### GOAL OF THE EXERCISE
Under this line are records; the part from the line containing "Gebruik de zoekbalk" through the line containing "Palm Sunday Concert" should be repeated exactly. Please exclude pictures.

### SOURCE DATA
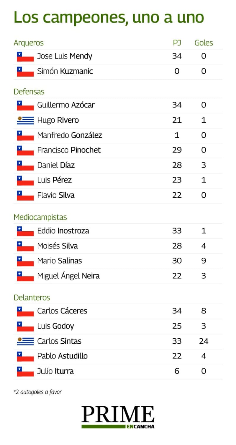 - “Ganamos ese campeonato porque todos estuvimos comprometidos con esa idea. Y cuando digo todos, hablo de los jugadores y sus familias. Era un grupo maravilloso, dentro y fuera de la cancha”, recuera Eddio Inostroza.
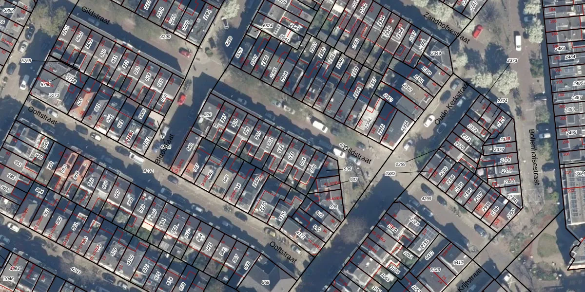 Gebruik de zoekbalk of klik op een perceel voor informatie over de adressen binnen dit perceel.
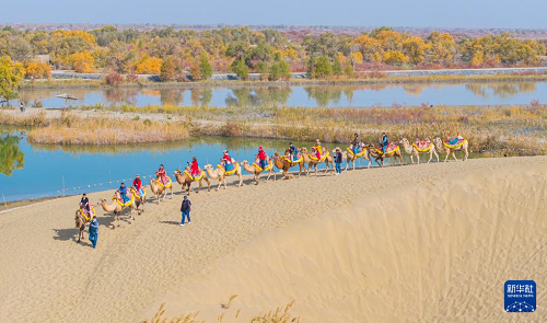 10月18日,游客在新疆巴音郭楞蒙古自治州尉犁縣羅布人村寨景區(qū)東沙山體驗(yàn)駱駝騎行(無(wú)人機(jī)照片)。(新華社發(fā) 汪志鵬 攝)
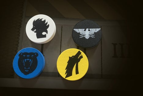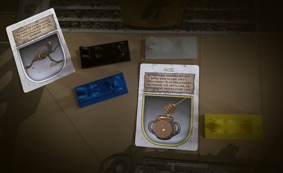 Différentes pièces viennent enrichir le jeu, tandis que les jetons à l’effigie des diverses familles permettent de suivre facilement le nombre de tours effectués au cours de la course.
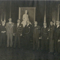 Carlos Aloé con un grupo. De fondo, un retrato de Eva Duarte de Perón. .
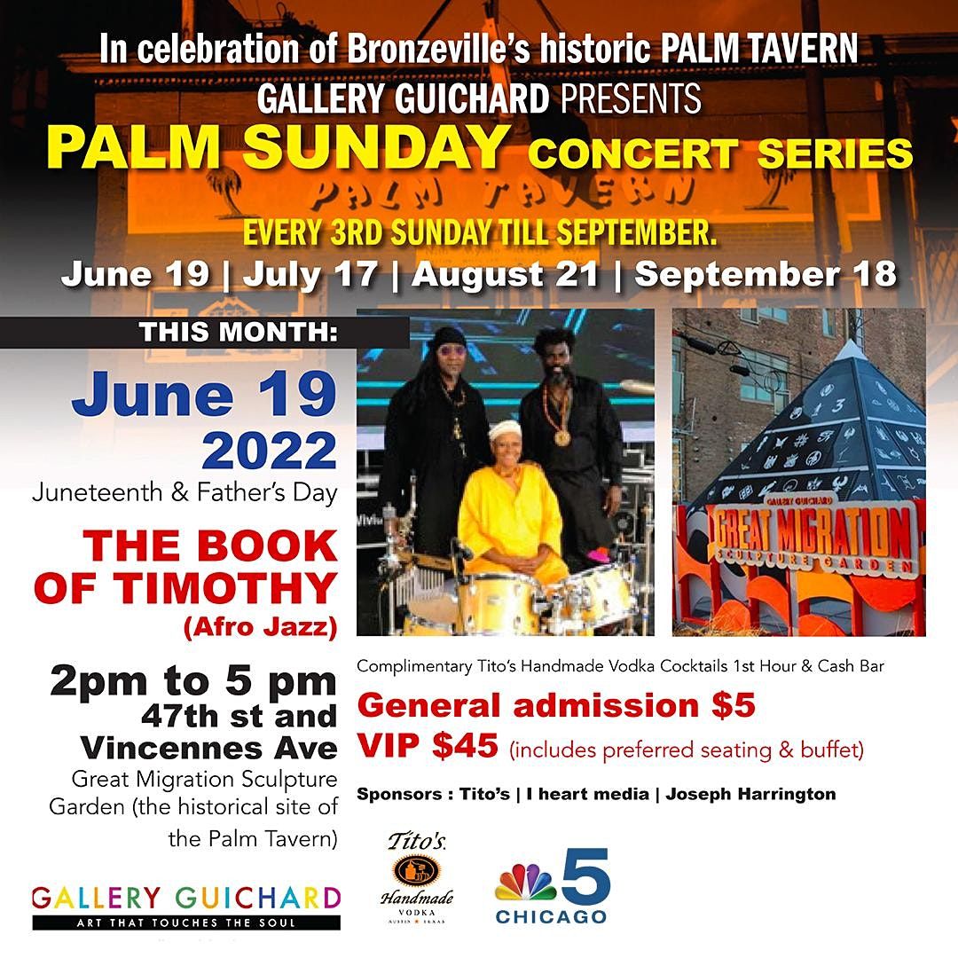 Palm Sunday Concert Series every third Sunday June to September in the Great Migration Garden in homage of the Historic Palm Tavern. Located at Gallery Guichard each third Friday between June and September 2 pm to 5 pm. General Admission $10; VIP (limited Seating) $45
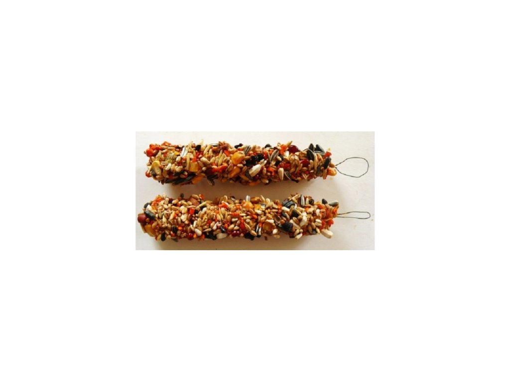 Tyčinky s vitamíny a medem jsou výbornou pochoutkou, ale také krmivem, které Vašemu mazlíčkovi dodává důležité vitamíny a minerály pro zdravý a vitální život. Tyčinky jsou speciální krmivo, kde musí Váš mazlíček vyvinou úsilí k získání své potravy podobně jako v přirozeném prostředí. To napomáhá jeho fyzické a psychické kondici.Složení: obiloviny, pekařské výrobky, zelenina, ořechy, ovoce, minerální látky oleje a tuky. Obsahuje povolená barviva EU.Analytické složky: hrubý protein 12%, hruba vláknina 5%, hrubé oleje a tuky 4%.Tyčinky s medem jsou pochoutkou, výživným krmivem a hračkou zároveň.Balení: 2ks
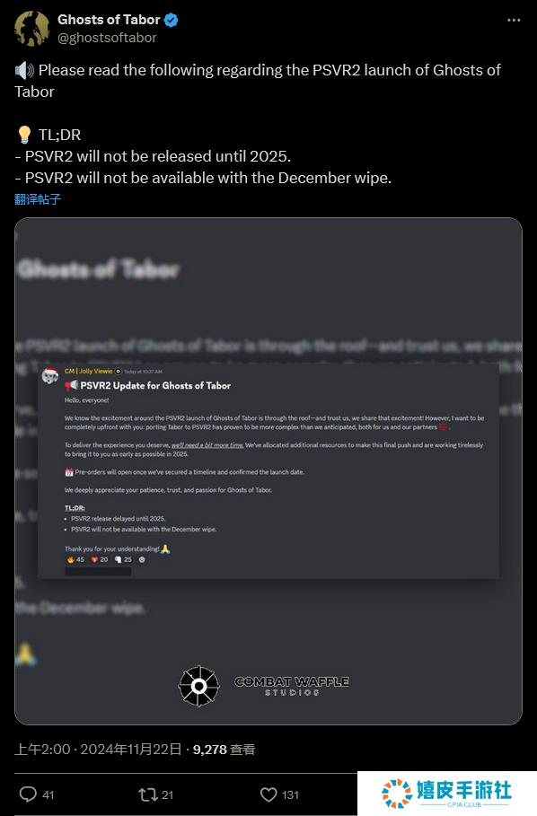 在社交媒体上的一篇帖子中,开发者对延期进行了解释,写道:“我们知道《塔博尔幽灵》在PSVR2 上即将在发布令人兴奋不已- 相信我们,我们也有同样的兴奋!然而,我想完全坦白地告诉大家:事实证明,对于我们和我们的合作伙伴来说,将《塔博尔》移植到PSVR2 比我们预期的要复杂得多。” “为了提供你们应得的体验,我们需要更多时间。我们已经分配了额外的资源来完成这最后的努力,并正在不懈努力,以便在2025 年尽早向各位提供游戏。一旦我们确定了时间表并确认了发布日期,就会开放预购。”
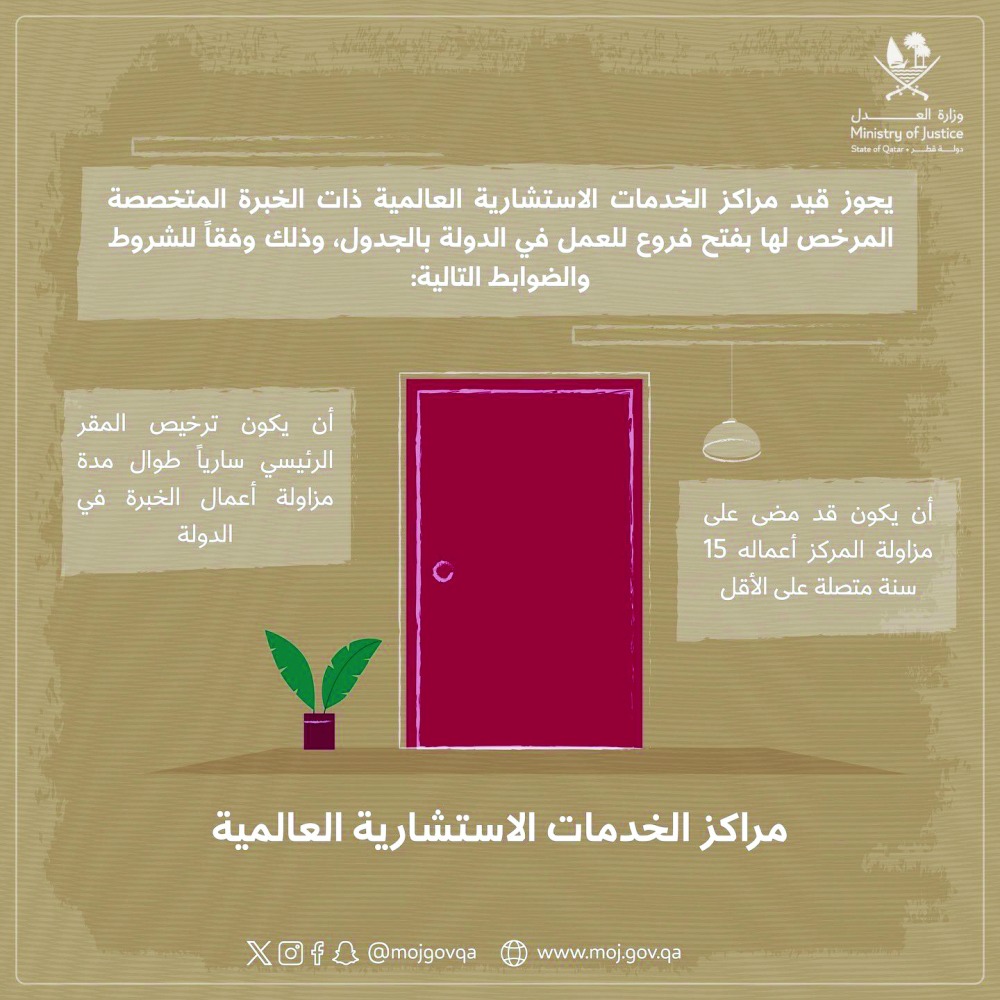 أعلنت وزارة العدل عبر حسابها الرسمي على منصة إكس، أنه يجوز قيد مراكز الخدمات الاستشارية العالمية ذات الخبرة المتخصصة المرخص لها بفتح فروع للعمل في الدولة بالجدول، وفقاً لضوابط وشروط هي: أن يكون مضى على مزاولة المركز أعماله 15 سنة متصلة على الأقل. ويشترط أن يكون ترخيص المقر الرئيسي سارياً طوال مدة مزاولة أعمال الخبرة في الدولة. يضيف هذا القرار فرصاً جديدة للشركات الاستشارية العالمية لتوسيع نطاق خدماتها داخل الدولة، مما يسهم في تعزيز بيئة الأعمال وجذب الاستثمارات الخارجية. كما يأتي هذا التحديث في إطار جهود الوزارة لتحسين البنية التنظيمية وتعزيز الشفافية في سوق الخدمات الاستشارية، مما يعود بالنفع على الاقتصاد الوطني ويزيد من تنافسيته عالميًا.

### TASK SOLUTION
 Gebruik de zoekbalk of klik op een perceel voor informatie over de adressen binnen dit perceel.
 10月18日,游客在新疆巴音郭楞蒙古自治州尉犁縣羅布人村寨景區(qū)東沙山體驗(yàn)駱駝騎行(無(wú)人機(jī)照片)。(新華社發(fā) 汪志鵬 攝)
 Différentes pièces viennent enrichir le jeu, tandis que les jetons à l’effigie des diverses familles permettent de suivre facilement le nombre de tours effectués au cours de la course.
 Carlos Aloé con un grupo. De fondo, un retrato de Eva Duarte de Perón. .
 Palm Sunday Concert Series every third Sunday June to September in the Great Migration Garden in homage of the Historic Palm Tavern. Located at Gallery Guichard each third Friday between June and September 2 pm to 5 pm. General Admission $10; VIP (limited Seating) $45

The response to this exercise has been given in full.